Under this line are the records; repeat exactly the lines starting at the one containing "据SMM现货报价显示,本周四" and ending at the one containing "Magnifique robe noire", omitting pictures.

- Recorded data
--

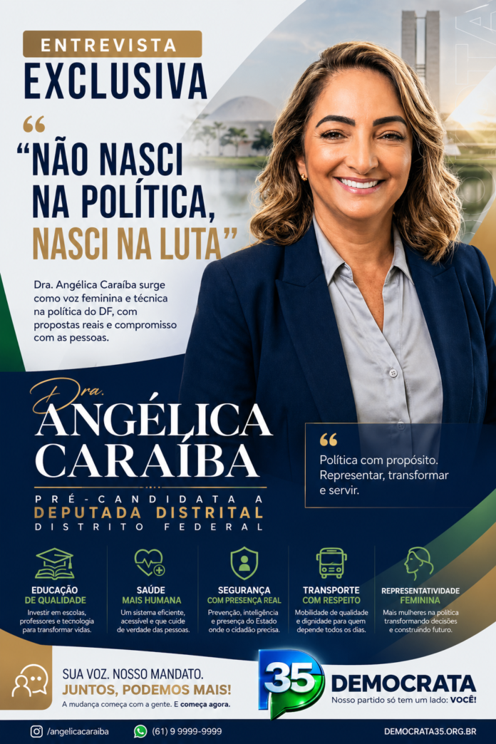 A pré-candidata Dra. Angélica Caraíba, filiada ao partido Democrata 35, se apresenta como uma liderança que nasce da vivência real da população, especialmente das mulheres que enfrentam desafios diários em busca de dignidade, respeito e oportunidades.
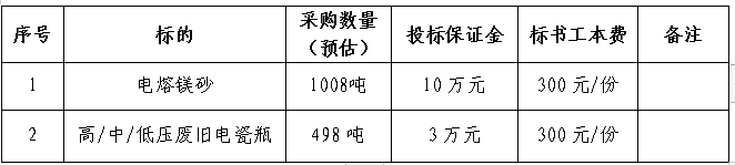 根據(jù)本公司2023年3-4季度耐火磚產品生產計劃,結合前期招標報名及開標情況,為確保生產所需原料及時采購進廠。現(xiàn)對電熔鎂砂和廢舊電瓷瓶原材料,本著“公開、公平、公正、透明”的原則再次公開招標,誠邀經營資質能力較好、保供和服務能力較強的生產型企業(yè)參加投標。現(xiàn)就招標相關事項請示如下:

--

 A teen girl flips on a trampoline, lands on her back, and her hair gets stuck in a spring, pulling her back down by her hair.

--

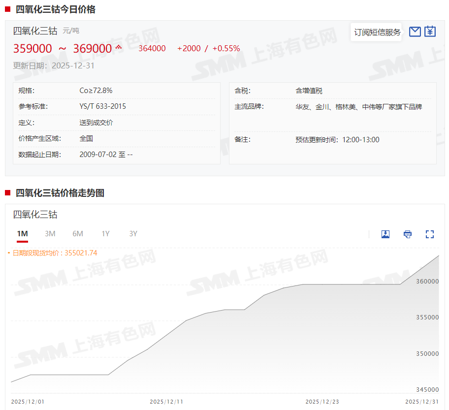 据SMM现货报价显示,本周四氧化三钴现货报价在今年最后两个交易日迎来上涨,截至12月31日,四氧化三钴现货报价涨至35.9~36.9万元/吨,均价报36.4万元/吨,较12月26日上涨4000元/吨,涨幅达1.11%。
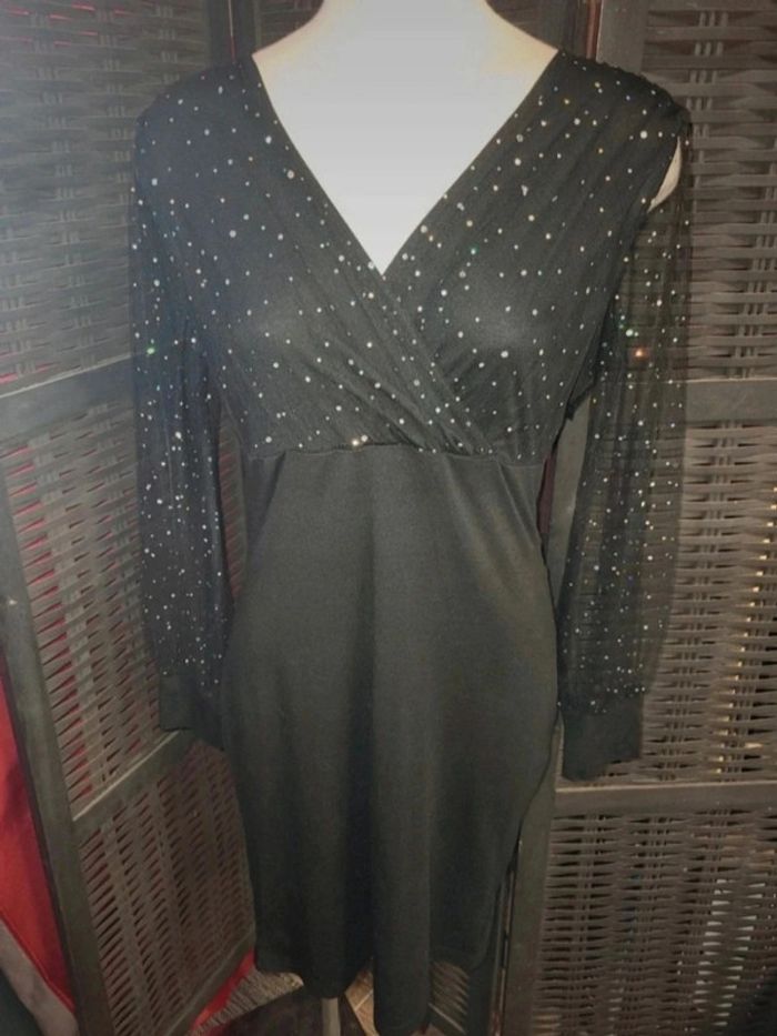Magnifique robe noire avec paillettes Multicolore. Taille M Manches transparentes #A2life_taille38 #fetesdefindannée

--

- Result below
 据SMM现货报价显示,本周四氧化三钴现货报价在今年最后两个交易日迎来上涨,截至12月31日,四氧化三钴现货报价涨至35.9~36.9万元/吨,均价报36.4万元/吨,较12月26日上涨4000元/吨,涨幅达1.11%。
Magnifique robe noire avec paillettes Multicolore. Taille M Manches transparentes #A2life_taille38 #fetesdefindannée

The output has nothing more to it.